There are differing perceptions of what is meant by “trade finance”. Many terms are used to describe it, such as supply chain finance, trade advance, dynamic discounting, and receivables purchasing. However, the reality is trade finance applies to every transaction between a buyer and supplier. This article will look at how trade finance effects the seller.

What is Trade Finance?
Let’s look at what is trade finance. Trade is defined as “the action of buying and selling goods and services”. Unless payment is made immediately upon delivery, every trade interaction involves some form of financing. What differs is who is doing the financing and how they go about it.

Each transaction is financed by either:

  • A supplier
  • A buyer
  • A bank or other financial lender (e.g., factor)

In the most common and simplest form, a supplier extends trade terms to the buyer, such as net 30 or 45 day terms. The supplier delivers goods and/or services to the buyer and then submits an invoice for payment. In this situation, the supplier is essentially extending a loan to buyer for 30 days or more until the invoice is paid.

This type of transaction is referred to as an “open account” transaction, where a supplier allows its customer to buy on credit without a formal borrowing agreement. There is an open or unpaid balance on the buyer’s account with the supplier, for which the supplier expects payment at a future date. The risk of default is borne by the supplier, because there is no security or formal guarantee of payment from the buyer.

Supplier Cash Flow Needs and Challenges
This structure places the credit risk burden on the shoulders of the supplier as well as the burden of effectively managing its working capital. Suppliers need to meet the cash demands of recurring business expenses, such as payroll, but face a gap between cash outlay for expenses and cash receipt from buyers. In today’s economic environment, suppliers are faced with increasing operating costs and pressure on margins, making it difficult to meet the working capital needs of the business. In addition, funding business growth, including purchasing equipment or inventory, expanding or renovating facilities, hiring staff, etc., creates even greater demands for capital.

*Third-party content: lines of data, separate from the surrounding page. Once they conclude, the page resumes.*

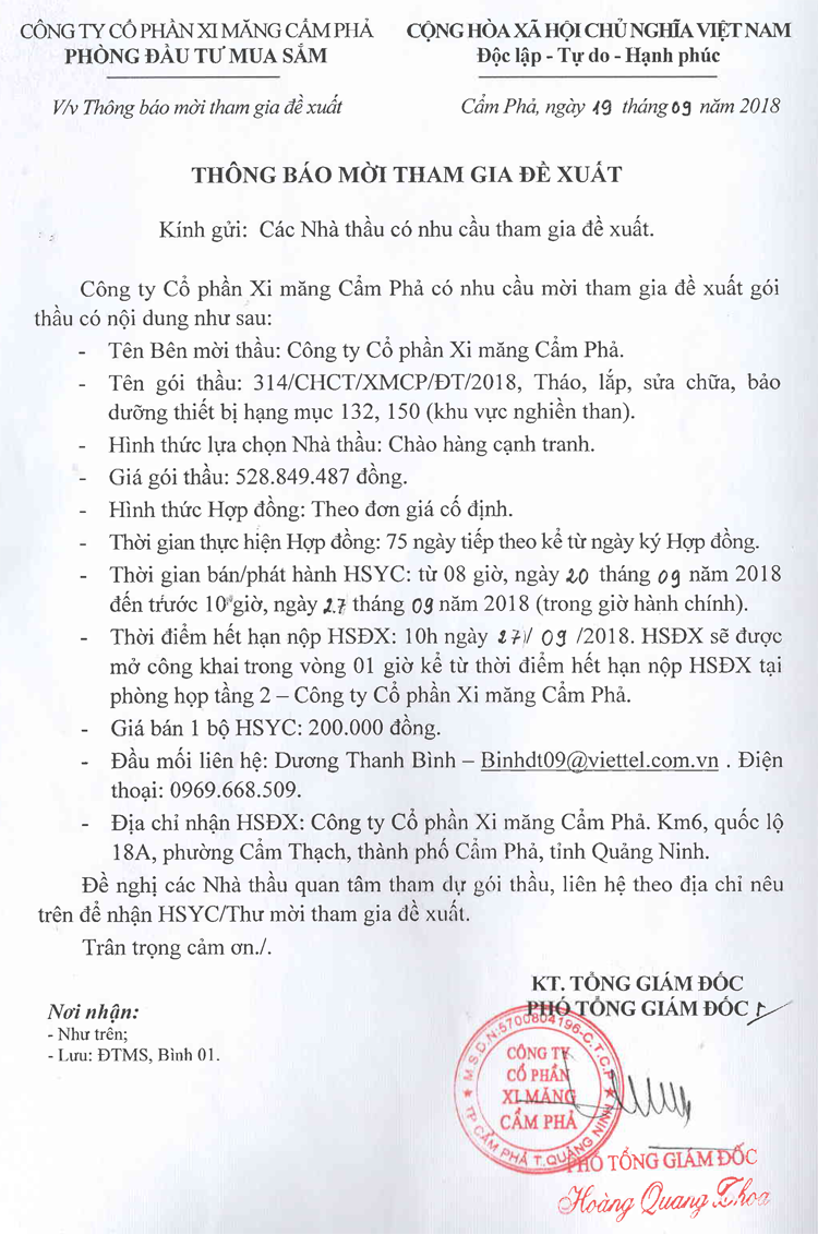Thông báo mời tham gia đề xuất tháo lắp, sửa chữa, bảo dưỡng thiết bị hạng mục 131, 150
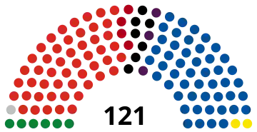 | 121 sièges de la Chambre des représentants (Majorité absolue : 61 sièges) | ||||||||||||||
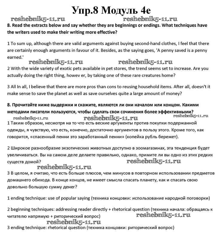 Готовая домашняя работа с ответами по Английскому языку за 10 класс Афанасьева, Дули, Михеева, Оби, Эванс Учебник Spotlight Просвещение 2015 ФГОС - Часть 4e 8
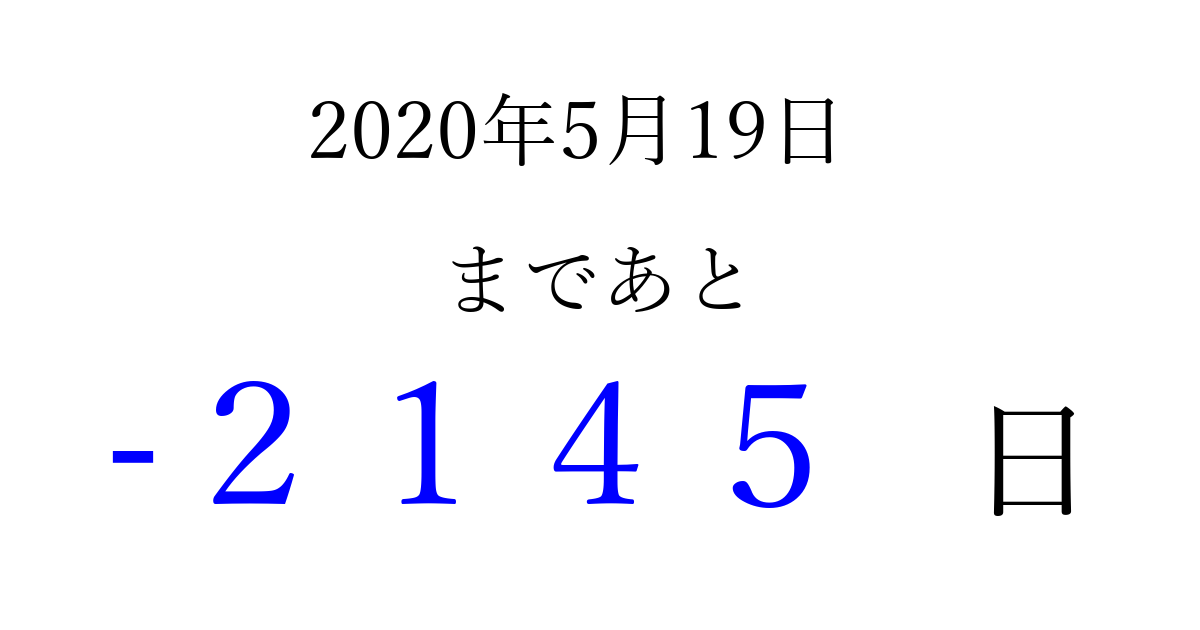 2020年5月19日(火)は もう 0000 日過ぎました 追加すると、トップページからすぐ選べるようになります ※2026/04/03現在の結果です。 最新の状態に更新する ↓シェアして、タイムライン上にカウントダウンを表示しよう!↓ 📤 この結果を共有する Tweet シェア Threads Bluesky 別の日付でカウントダウン 2020年5月のカレンダー このページをブックマークに追加すると、いつでもカウントダウンを確認できます。 (PC: Ctrl+D / Mac: ⌘+D) hitome-notes.comでは以下のページも運営しています。 指定日と期間から日付を計算 | ガチャ確率計算・シミュレーション | プライバシー・ポリシー 運営者:Avocado
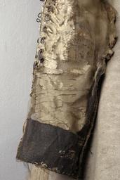 | Keywords: Detaljbild på ärm, Gustav II Adolfs älghudsskyller från Dirschau år 1627 - Livrustkammaren - 22477.tif Kyller använt av Gustav II Adolf vid Dirschau den 6 augusti 1627 w Buff coat used by Gustavus Adolphus of Sweden at the Kyller av älghud med ärmar av siden numera endast fragment kvar Kyllret är kraglöst och avskuren i midjan med långa skört 4 stycken <br/><br/>Längd mitt fram liv 36 5 cm skört 41 5 cm <br/>Bröstvidd 105 cm <br/>Längd mitt bak liv 41 5 cm skört 40 5 cm <br/>Ryggbredd 40 cm <br/>Midja 106 cm <br/>Vidd skörtens nederkant 281 cm <br/>Längd i sida liv 24 cm skört 43 3 cm <br/>Axelbredd 17 6 cm <br/>Ärmlängd 69 cm största ärmvidd 34 cm ärmvidd nedtill 28 cm <br/>Ärmsprundet är 18 cm Åtta knapphål vänster ärm har 4 silvertrådsklädda knappar och höger ärm har 7 knappar kvar <br/>Ärmens innersöm har en 15 5 cm lång öppning med 8 öglor av silvertråd på var sida över var ögla sitter en sydd träns av sysilke <br/><br/>Sömmarna runt framkant hals på axlar och längs skörtens sidor är dekorationsstickade med tre parallella sömmar i vit lintråd Snörning mitt fram med nio grupper med två hål i varje grupp på var sida Snörningen har blodfläckar Skörtets söm mitt bak på höger bakstycke har gått upp ca 1 cm Ärmarna har rester av sitt yttertyg ett ljust brun atlas samt ett foder av ljust brun taft Kyllret har axelkarmar och endast mycket små rester av atlasen finns kvar däremot återstår det mörkt bruna kanvasen som utgjort mellanlägg i tre lager tyg Kanvasen är belagd med en yta för styvnadens skull Livet i kyllret är fodrat med vitt linne förmodligen som mellanfoder w Buff coat of elk hide with sleeves made of silk of which now only fragments remain The coat is collarless and seamed at the waist with long skirts in four pieces Detail of sleeve Center front length body 36 5 cm 41 5 cm skirts Chest 105 cm Center back length 41 5 cm body skirts 40 5 cm Back width 40 cm Waist 106 cm Width skirt hem 281 cm Length at side body 24 cm 43 3 cm skirts Shoulder Width 17 6 cm Sleeve length 69 cm Maximum sleeve width 34 cm Sleeve width at bottom 28 cm Sleeve opening 18 cm Sleeves have eight buttonholes; the left sleeve has four silver-wrapped thread covered buttons and the right sleeve has seven buttons left The coat's inseam has a 15 5 cm long opening with 8 loops of silver wire On each side of the loop is a stitched tack of sewing silk The seams around the front edge of the neck the shoulders and along the sides of skirt are decorated with three parallel rows of stitching in white linen thread The lacing at the front has nine groups of two holes in each group on each side The lacing has blood stains Skirt seam at center back on the right rear panel has gone up about 1 cm The sleeves have the remains of their outer shell a light brown silk atlas satin and a lining of light brown taffeta The coat has shoulder wings with only small remnants of the atlas remaining over the dark brown the canvas that formed inserts in the three-layer fabric The canvas is coated with a surface for stiffenings' sake The body of the coat is lined with white linen presumably as interlining original caption Detaljbild på ärm Gustav II Adolfs älghudsskyller från Dirschau år 1627 - LRK 31194 Slaget vid Dirschau Battle of Dirschau 1627 silk d1 - dräkt - yttermaterial material siden size mm 365 mitt fram LRK Gustav II Adolf av Sverige Gustavus Adolphus of Sweden Basutställning Gustav II Adolf Minnesutställning 1932 1932 place of origin original filename lm_dig0494 67807 inventory number LRK 31194 22477 CC-BY-SA Göran Schmidt <gallery caption Different images of same object > File Kyller Dirschau - Livrustkammaren - 60031 tif File Kyller använt av Gustav II Adolf vid Dirschau den 6 augusti 1627 - Livrustkammaren - 61181 tif File Detaljbild på axelstycke Gustav II Adolfs älghudsskyller från Dirschau år 1627 - Livrustkammaren - 65278 tif File Kyller Dirschau - Livrustkammaren - 42910 tif File Kyller använt av Gustav II Adolf vid Dirschau den 6 augusti 1627 - Livrustkammaren - 44060 tif File Gustav II Adolfs dräkt från slaget vid Dirschau 1627 - Livrustkammaren - 56717 tif File Kyller använt av Gustav II Adolf vid Dirschau den 6 augusti 1627 - Livrustkammaren - 35501 tif File Detaljbild ena armen på Gustav II Adolfs älghudsskyller från Dirschau år 1627 - Livrustkammaren - 73840 tif File Detaljbild på tyg Gustav II Adolfs älghudskyller från Dirschau år 1627 - Livrustkammaren - 13914 tif File Kyller Dirschau - Livrustkammaren - 51470 tif File Kyller använt av Gustav II Adolf vid Dirschau den 6 augusti 1627 - Livrustkammaren - 52620 tif </gallery> Göran Schmidt Media contributed by LSH unmatched event Media contributed by LSH unmatched material Media contributed by LSH unmatched objKeyword Color images from Livrustkammaren Buff coats Clothes of Gustav II Adolf Media contributed by LSH 2013-10 |
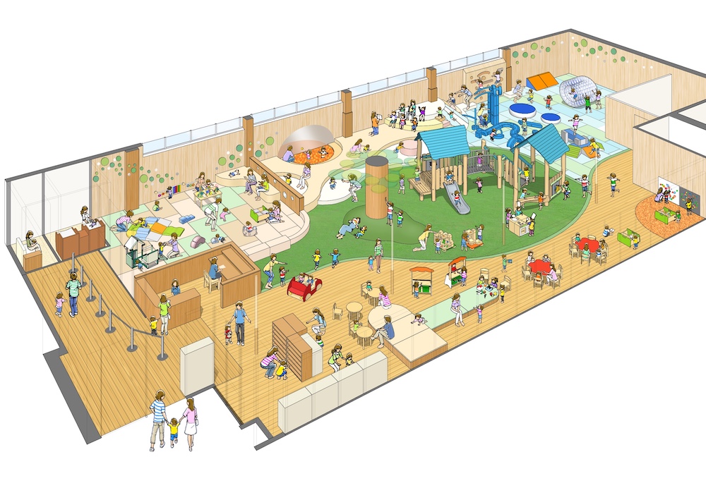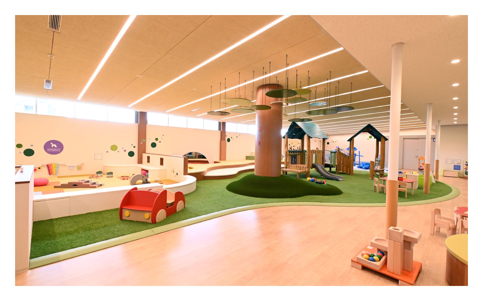 施設内は大きく思いきり身体を動かす【わくわくエリア】、ごっこ遊びなど表現できる【すくすくエリア】、乳幼児のお子様が楽しめる【よちよちエリア】異年齢児との交流・休憩のできる【つどいのひろば】の4つのエリアに分かれています。空間をひとつにすることで、子どもの「ワクワク」を引き出しながら、それぞれのエリアで、子どもたちが自然と思いきり遊べる空間となっています。
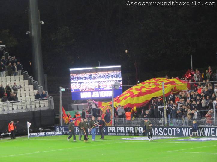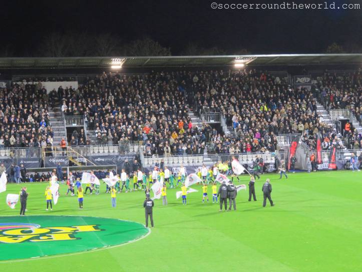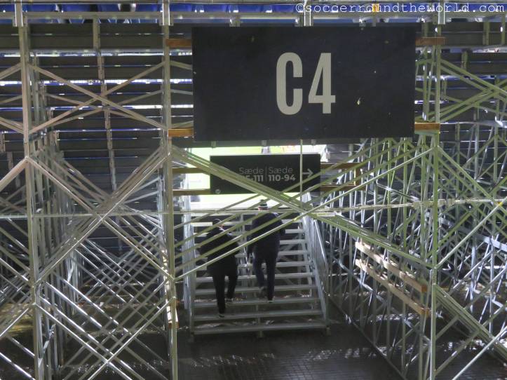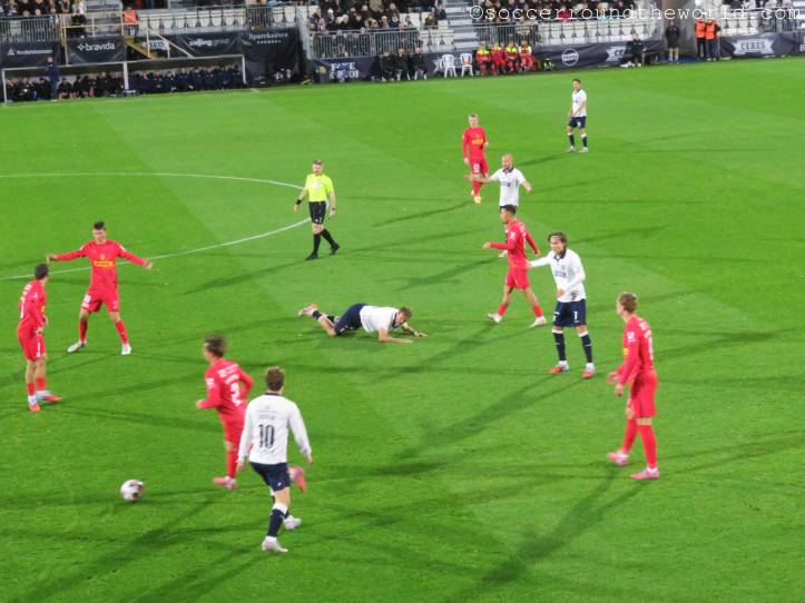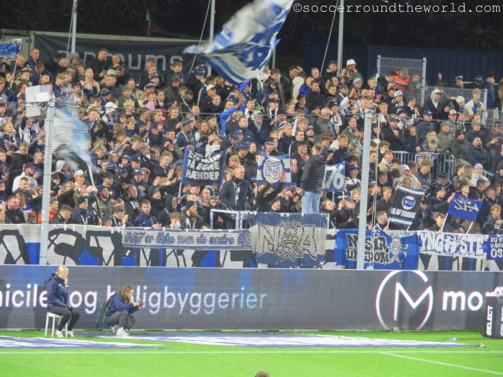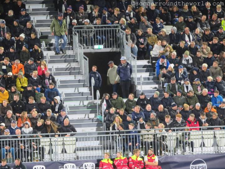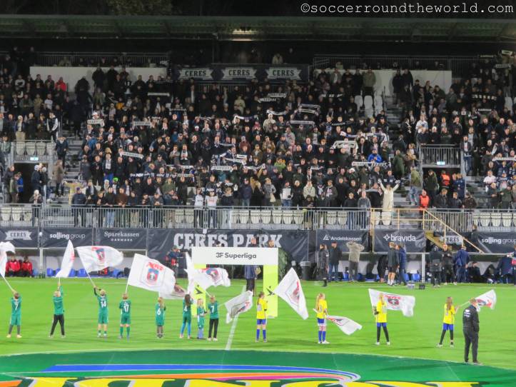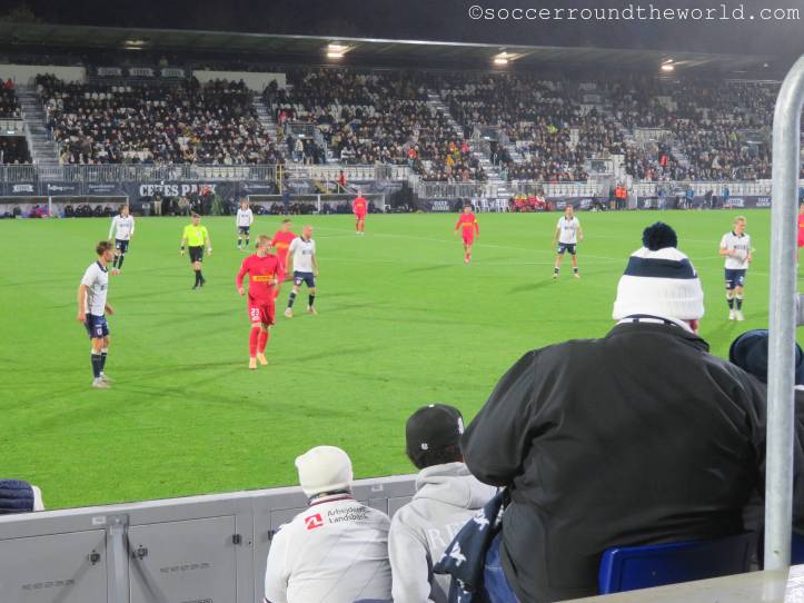 So erlebe ich bei diesem Spiel sehr, sehr viele Fans in sehr ausgelassener Stimmung, auch wenn es heut ein hartes Stück Arbeit war. Aarhus zeigt sehr attraktiven Fußball, bemüht sich, selbst schwierige Situationen spielerisch zu lösen. Das Abwehrbollwerk von Nordsjaelland macht es ihnen aber schwer, erst recht nachdem die Gäste mit einer Roten Karte dezimiert wurden. So steuert alles auf einen Treffer in letzter Minute zu, der doch noch die drei Punkte sichert.
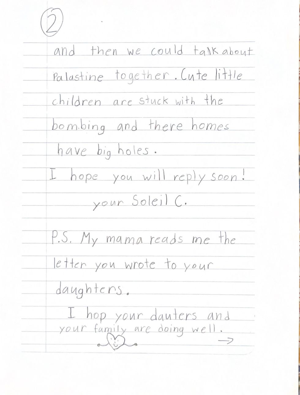 The summer of 2014, newspapers on the kitchen table and images flashing on the television caught my attention. My young eyes and ears could not fully comprehend what was happening; all I saw was children like me being bombed. Worried for Mona’s Sitti, I wrote a letter to the President of the United States.
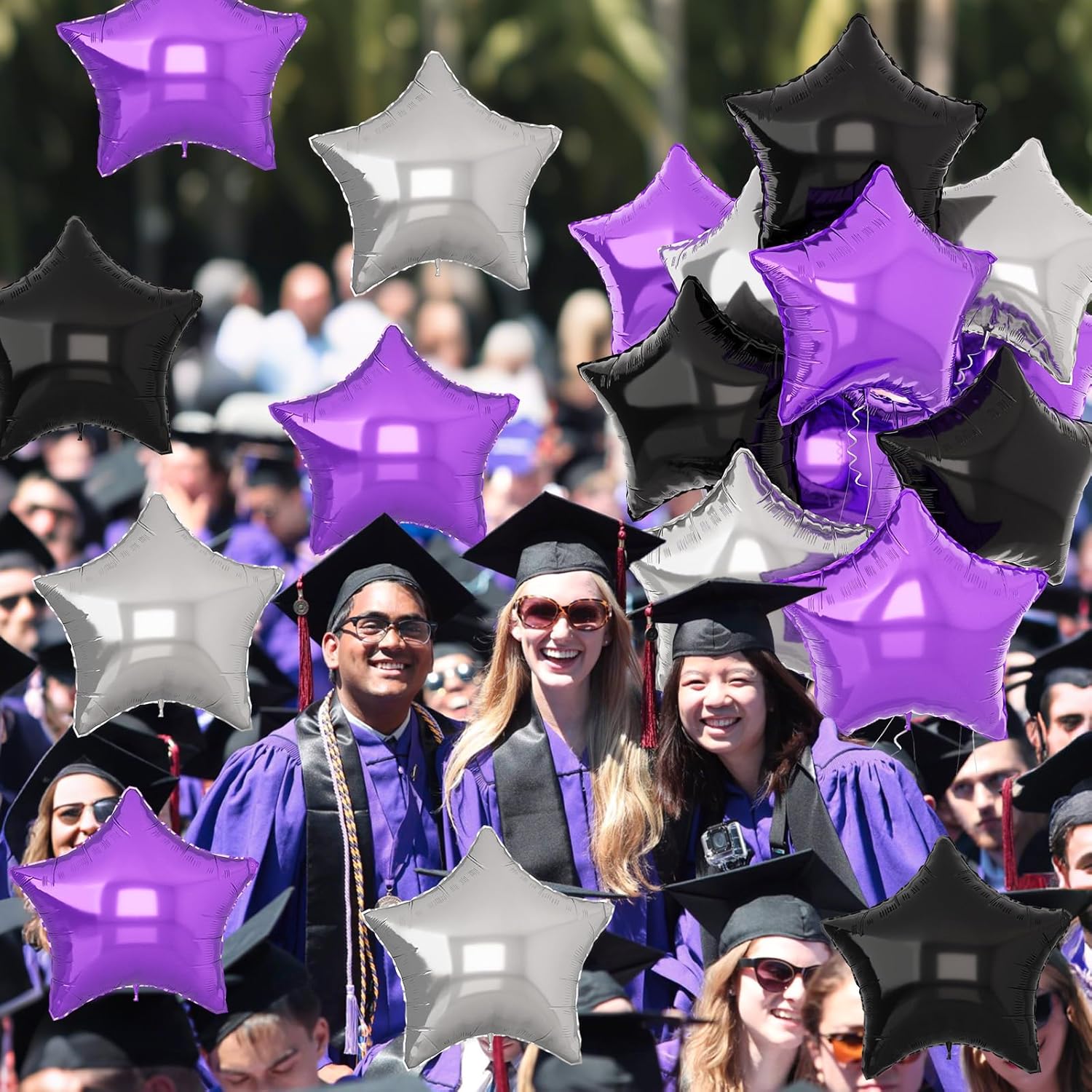 - Black Purple and Silver Stars Party Balloons: This 12Pcs purple black foil star balloons set designed with Giant 18 inch pentagram foil balloons, includes purple star mylar balloons, black star mylar balloons and silver star mylar balloons, each balloons set comes with a straw and ribbon
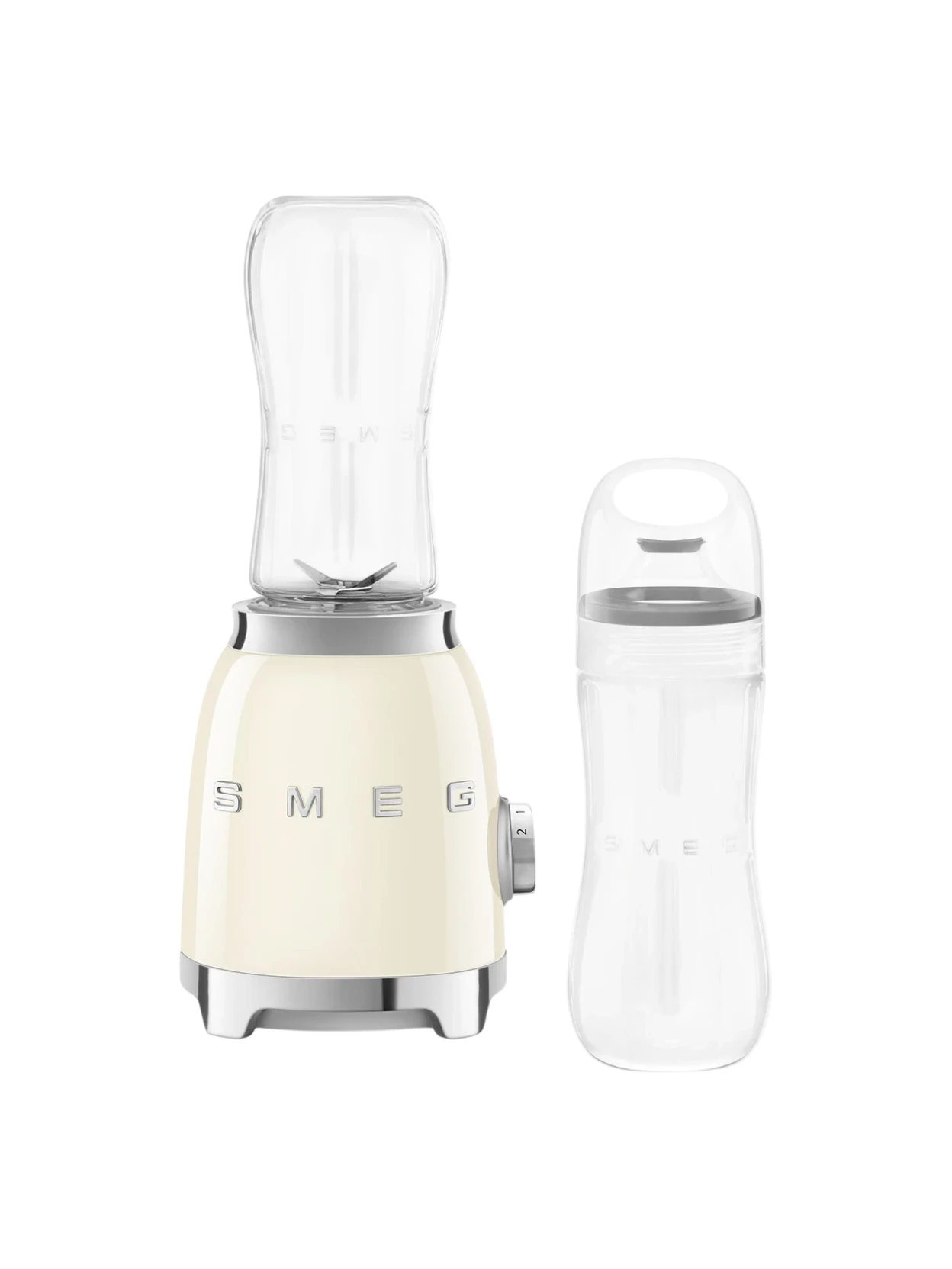 Il frullatore multifunzione compatto di Smeg in finitura panna è perfetto per preparare frullati sani e veloci da gustare anche fuori casa. Compatto, pratico e intuitivo, dispone di due velocità di lavorazione e include due bottiglie To-Go in Tritan™ Renew da 600 ml, ideali per smoothie e milkshake da portare sempre con te. Il design iconico Smeg in stile 50’s, nella raffinata finitura panna, dona eleganza e armonia a ogni cucina.
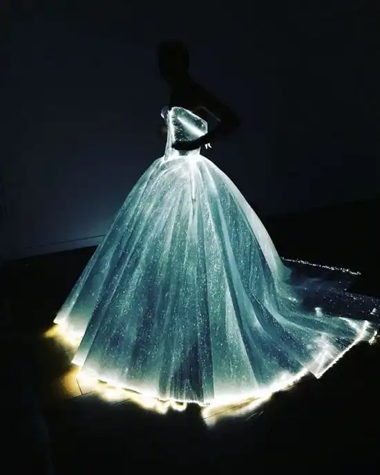 На бал в нью-йоркский музей искусств Metropolitan 37-летняя актриса явилась в уникальном платье от Зака Позена. При свете дня это платье, которое назвали «платьем Золушки», выглядит вполне обычно, но в темноте оно начинает сиять сказочным светом. Секрет заключается в том, что платье сшито из органзы и оптических волокон, светиться которые заставляют 30 мини аккумуляторов, вшитых в подол.

At this point the buyer needs to bridge working capital needs through different sources of funding, including:

  • Internal cash reserves
  • Bank financing (commercial loans, equipment financing, lines of credit, etc.)
  • Factoring the accounts receivable
  • Selling equity

The old adage “Cash is king” remains true for suppliers. The availability of liquidity, predictability of cash flows, and the cost of working capital are key issues for many supplier organizations. These traditional funding sources may not be sufficient to meet all of its working capital needs. The financial crisis of 2008 and 2009 emphasized this vulnerability, as credit and liquidity markets dried up. Trade finance solutions, such as factoring, can ensure the supplier has the working capital availability in place to meet buyers request for terms and pay normal business expenses.